К тому же мулло Махмуд оказался любителем и знатоком стихов Абу-л-Атахия — арабского поэта восьмого века. Поочередно, строку за строкой, как это делают люди, играющие в «байтбарак», они стали вспоминать эту касыду Абу-л-Атахия.
— Не знаете ли вы, что значит в «доме превращенном»? — спросил Володя.
— По-видимому, — ответил мулло Махмуд, — смысл этого слова следует искать в дальнейших строках: «Но и это превращение — тлен и прах», то есть что жизнь тебя ничему не научила и не научит, пока ты не превратишься в прах. Ведь далее, как помнит домулло, говорится, что «все поднимается для смерти», иными словами, все живет, чтобы умереть.

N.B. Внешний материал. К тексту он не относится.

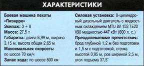 Вверху. Боевая машина пехоты CV 9040, состоящая на вооружении шведской армии, представляет собой классическую БМП настоящего времени во всем, за исключением калибра основного вооружения, который превосходит аналогичную характеристику большинства других современных БМП. Эта 40-мм пушка компании «Бофорс» имеет углы вертикальной наводки от -8° до +35°. Боекомплект пушки составляет 238 выстрелов, а 7,62-мм спаренного с ней пулемета - 3000. В течение многих лет основным бронетранспортером шведских сухопутных войск был Pbv 302 фирмы «Хегглунд унд Зонер», оснащенный одноместной башней с ручным приводом и 20-мм пушкой. Министерство обороны Швеции разработало требования к боевой машине пехоты, которая дополнила бы Pbv 302 в боевых порядках. Контракт на ее разработку был выдан небольшой фирме «НВ Утвек- линг», которая привлекла к работе в качестве субподрядчиков компании «Хегглундз викл» (ходовая часть) и «Бофорс» (башня и вооружение, окончательная сборка). После испытаний прототипов был заключен контракт на поставку этих машин шведской армии (первая поступила в 1993 году). К 2002 году было построено почти 700 машин разных модификаций. Базовая модификация CV 9040 оснащена двухместной башней с 40-мм пушкой 40/ 70В компании «Бофорс дифенс», которая заряжается с казенной части и имеет систему выброса пустых гильз через крышу. Пушка 40/70В представляет собой модификацию знаменитой 40-мм зенитной пушки L/70 и может вести огонь различными типами боеприпасов, включая бронебойные подкалиберные оперенные снаряды с отделяющимся поддоном, трассирующие и фугасные. С пушкой спарен 7,62-мм пулемет М/39. Цифровая система управления обеспечивает ведение огня в дневное и ночное время. Также на машине установлены французские гранатометы фирмы «Галикс», применяющие гранаты различных типов, в том числе дымовые. Экипаж состоит из водителя, командира и наводчика. В десантном отделении в кормовой части машины размещаются восемь полностью экипированных пехотинцев (по четыре человека вдоль бортов лицом внутрь). Доступ в отделение и спешивание осуществляются через кормовую аппарель. На вооружении шведской армии состоят машины, созданные на базе БМП CV 9040, в том числе командно-штабная CV 90 FCV, разведывательная CV 90 FOV и ремонтно- эвакуационная CV 90 ARV машины, а также самоходная зенитная установка TriAD с башней от CV 9040, на которой установлен обтекатель антенны РЛС «Тейлс». В течение нескольких лет все состоящие на вооружении БМП прошли несколько этапов модернизации и получили обозначение CV 9040А или CV 9040В. В ходе последних этапов модернизации было усилено бронирование корпуса и башни. Большая работа была проведена также по усилению днища корпуса для защиты от воздействия взрывов противотанковых мин, что особенно было важно при проведении миротворческих операций на Балканах. В будущем шведская армия планирует приобрести еще одну версию CV 90, оснащенную башней с двумя спаренными 120-мм минометами (AMOS - Advanced MOrtar System), которая уже демонстрировалась на ряде других шасси, колесных и гусеничных. По собственной инициативе компания «Хегглундз викл», которая в конце 2002 года стала называться «Элвис хегглундз», разработала БМП CV 9030 с использованием шасси CV 9040 и башни собственной разработки, вооруженной американской 30-мм пушкой компании «АТК ган систеМ3». Первым покупателем этой машины стала Норвегия, которая

— И все-таки, — возразил Володя, — Абу-л-Атахия воспевает не смерть, а жизнь, потому что он спрашивает: «Разве ошибками украсилась жизнь твоя? — О нет, куда уж там…» И огорчается: «Как беспечно растратил ты свою жизнь…» Мне думается, что смысл этой касыды именно в том, что впоследствии выразил Хайям строками: «Ведь в царстве бытия нет блага выше жизни, как проведешь ее, так и пройдет она».
— Все мы ищем в стихах, — доброжелательно и печально сказал мулло, — то, что подтверждало бы наши собственные мысли и намерения…

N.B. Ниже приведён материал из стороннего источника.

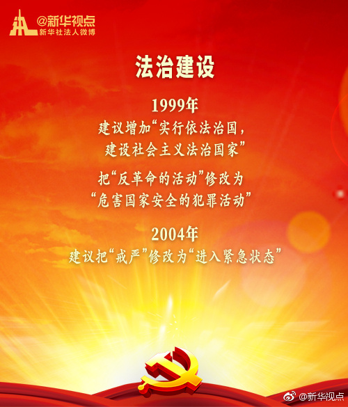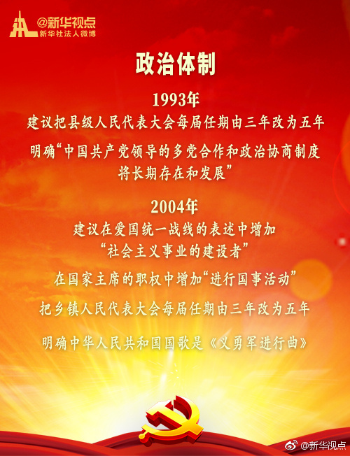 新華網(wǎng)北京1月20日電 黨的十九屆二中全會1月18日至19日在京召開,會議審議通過了《中共中央關(guān)于修改憲法部分內(nèi)容的建議》。現(xiàn)行“八二憲法”公布實施后,根據(jù)我國改革開放和社會主義現(xiàn)代化建設(shè)的實踐與發(fā)展,分別于1988年、1993年、1999年、2004年進行了4次修改。每一次都是由黨中央向全國人大常委會提出憲法修改建議,經(jīng)過法定程序使黨的主張和人民意愿成為國家意志。(據(jù)新華視點微博)

Володя одолевал уже второй чайник чаю. «Это похоже на собаку, которая ловит собственный хвост, — думал он. — Чем больше ешь этой халвы, тем больше выпиваешь чаю. А чем больше пьешь чаю, тем больше съедаешь халвы. Пора бы и остановиться. Мулло, наверное, еще не попадались люди, способные съесть такое количество сладкого».

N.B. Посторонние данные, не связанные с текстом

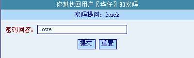 http://信息港网址/传说水吧/usersetprotectpass.asp?remand=hack&answer=love&B1=%CC%E1%BD%BB

Разговор тем временем перешел на вопросы, которые, как с удивлением отметил про себя Володя, в те дни служили темой даже передовых статей в газетах, — на вопросы связи науки с жизнью.
— Конечно, — сказал мулло, — теперь уже всем, даже детям, известно, что Земля кругла, как отрубленная голова. Но что изменилось в мире от того, что мы это узнали? Стало ли от этого лучше? Как и прежде, люди или верят, или не верят в бога, и тот, кто стал безнравственным, сделался таким не потому, что отказался от веры, и тот, кто вышел на путь добродетели, ступил на него не потому, что поверил в бога. И как прежде, люди рождаются, и умирают, и трудятся, и боятся войны и разорений, и воюют и разоряют друг друга; и как прежде, мир разделяется на женщин и мужчин, на добрых и злых, на богатых и бедных, на запад и восток. И то, что мы узнали, что он круглый, не помогло им соединиться. Запад так и остался западом, а восток — востоком. И они не соединятся.
«Авеста — это понятно, — подумал удивленный Володя. — Она могла остаться в таджикском языке хотя бы потому, что была у одного из его истоков. Но Киплинг?..»
— Это вы так говорите?.. О западе и востоке? Или это старая пословица? — спросил он.